* [GIVEN INFORMATION]
+---+
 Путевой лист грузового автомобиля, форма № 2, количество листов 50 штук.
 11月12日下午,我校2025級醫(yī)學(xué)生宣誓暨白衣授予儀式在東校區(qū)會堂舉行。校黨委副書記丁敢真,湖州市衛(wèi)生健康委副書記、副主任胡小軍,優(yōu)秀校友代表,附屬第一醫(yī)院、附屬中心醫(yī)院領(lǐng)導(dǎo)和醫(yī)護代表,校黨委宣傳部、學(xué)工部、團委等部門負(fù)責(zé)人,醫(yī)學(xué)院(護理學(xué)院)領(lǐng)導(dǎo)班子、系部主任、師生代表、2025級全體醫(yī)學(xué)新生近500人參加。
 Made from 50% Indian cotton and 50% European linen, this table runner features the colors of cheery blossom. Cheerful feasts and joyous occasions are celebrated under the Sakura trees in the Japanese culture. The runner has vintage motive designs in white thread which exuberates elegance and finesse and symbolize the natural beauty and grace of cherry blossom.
+---+
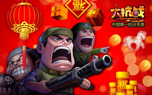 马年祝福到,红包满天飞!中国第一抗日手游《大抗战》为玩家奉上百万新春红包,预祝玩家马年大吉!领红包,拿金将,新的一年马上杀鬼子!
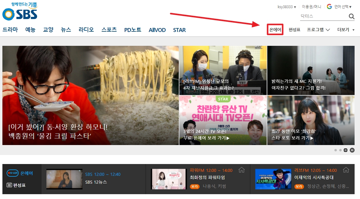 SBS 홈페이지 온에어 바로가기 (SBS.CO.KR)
+---+
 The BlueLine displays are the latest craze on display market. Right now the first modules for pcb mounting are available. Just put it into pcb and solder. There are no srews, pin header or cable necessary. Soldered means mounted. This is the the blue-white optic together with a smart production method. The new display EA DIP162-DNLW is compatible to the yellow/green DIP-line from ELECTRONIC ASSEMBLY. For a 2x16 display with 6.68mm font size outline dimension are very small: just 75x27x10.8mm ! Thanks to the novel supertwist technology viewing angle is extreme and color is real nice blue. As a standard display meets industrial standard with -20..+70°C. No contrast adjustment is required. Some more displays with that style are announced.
+---+
* [REQUIREMENT] Set down exactly the lines of the data above, beginning with the line that has "Путевой лист грузового" and ending with the line that has "Made from 50%", and no others.

* [ANSWER SPACE]
 Путевой лист грузового автомобиля, форма № 2, количество листов 50 штук.
 11月12日下午,我校2025級醫(yī)學(xué)生宣誓暨白衣授予儀式在東校區(qū)會堂舉行。校黨委副書記丁敢真,湖州市衛(wèi)生健康委副書記、副主任胡小軍,優(yōu)秀校友代表,附屬第一醫(yī)院、附屬中心醫(yī)院領(lǐng)導(dǎo)和醫(yī)護代表,校黨委宣傳部、學(xué)工部、團委等部門負(fù)責(zé)人,醫(yī)學(xué)院(護理學(xué)院)領(lǐng)導(dǎo)班子、系部主任、師生代表、2025級全體醫(yī)學(xué)新生近500人參加。
 Made from 50% Indian cotton and 50% European linen, this table runner features the colors of cheery blossom. Cheerful feasts and joyous occasions are celebrated under the Sakura trees in the Japanese culture. The runner has vintage motive designs in white thread which exuberates elegance and finesse and symbolize the natural beauty and grace of cherry blossom.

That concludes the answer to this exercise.